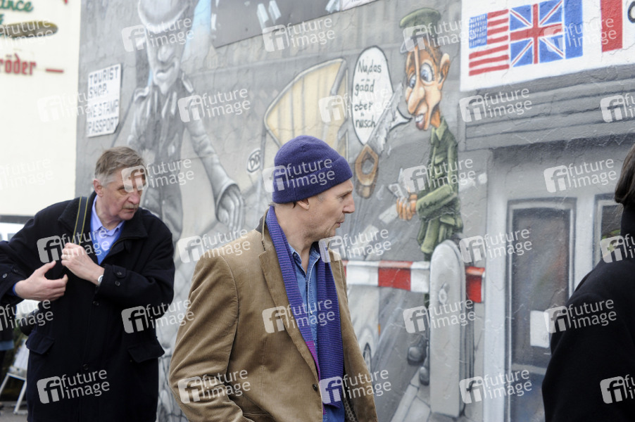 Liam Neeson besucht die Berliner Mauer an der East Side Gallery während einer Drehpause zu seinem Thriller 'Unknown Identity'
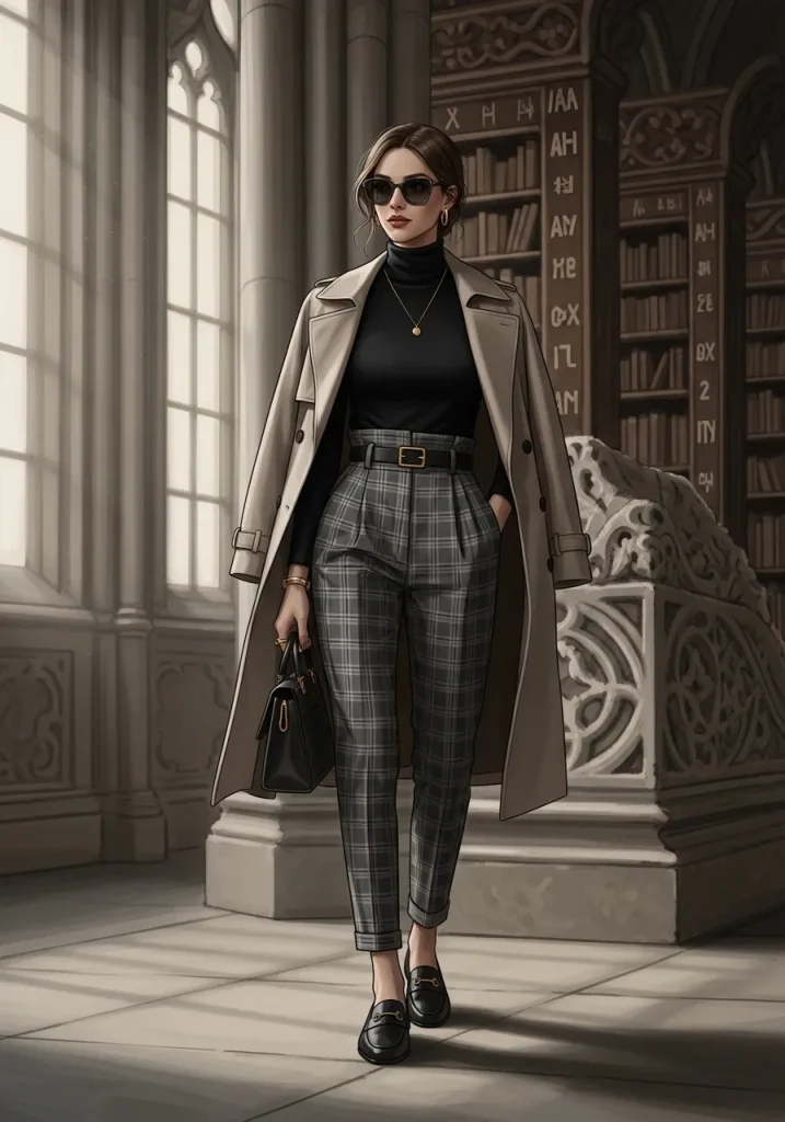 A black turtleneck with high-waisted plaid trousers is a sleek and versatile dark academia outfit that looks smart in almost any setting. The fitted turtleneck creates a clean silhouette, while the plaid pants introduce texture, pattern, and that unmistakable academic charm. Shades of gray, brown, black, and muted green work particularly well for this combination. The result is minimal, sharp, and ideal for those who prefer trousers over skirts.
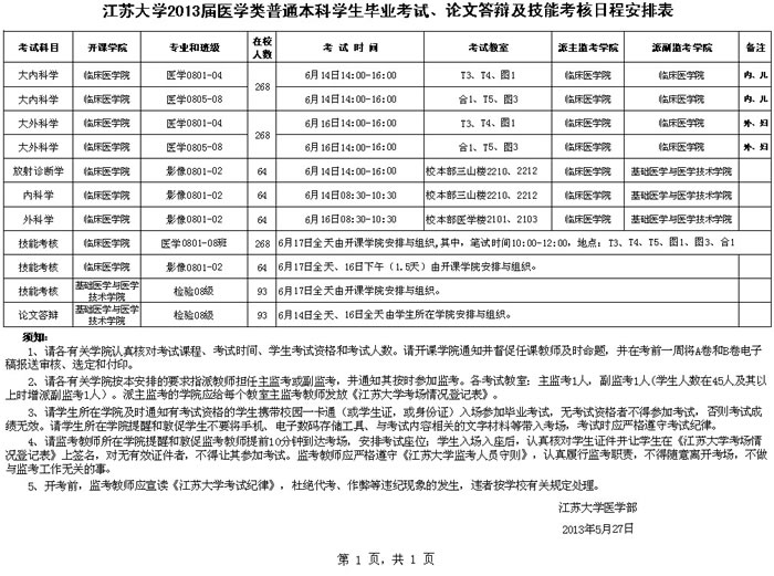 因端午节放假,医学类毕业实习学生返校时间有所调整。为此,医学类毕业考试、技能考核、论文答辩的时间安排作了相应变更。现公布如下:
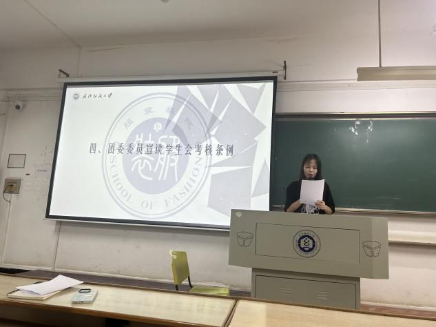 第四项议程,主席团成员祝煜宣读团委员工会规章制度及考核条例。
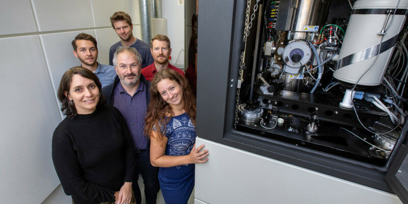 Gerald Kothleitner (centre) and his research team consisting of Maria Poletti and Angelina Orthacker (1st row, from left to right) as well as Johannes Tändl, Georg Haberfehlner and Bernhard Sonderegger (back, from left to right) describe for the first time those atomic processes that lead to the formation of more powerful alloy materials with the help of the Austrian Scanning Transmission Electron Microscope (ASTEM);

—————

# [WHAT YOU SHOULD DO]
Everything from the line containing "第四项议程,主席团成员祝煜宣读团委员工会规章制度及考核条例。" to the last line of the records above should be reproduced exactly, except the pictures.

# [PROBLEM SOLUTION]
 第四项议程,主席团成员祝煜宣读团委员工会规章制度及考核条例。
 Gerald Kothleitner (centre) and his research team consisting of Maria Poletti and Angelina Orthacker (1st row, from left to right) as well as Johannes Tändl, Georg Haberfehlner and Bernhard Sonderegger (back, from left to right) describe for the first time those atomic processes that lead to the formation of more powerful alloy materials with the help of the Austrian Scanning Transmission Electron Microscope (ASTEM);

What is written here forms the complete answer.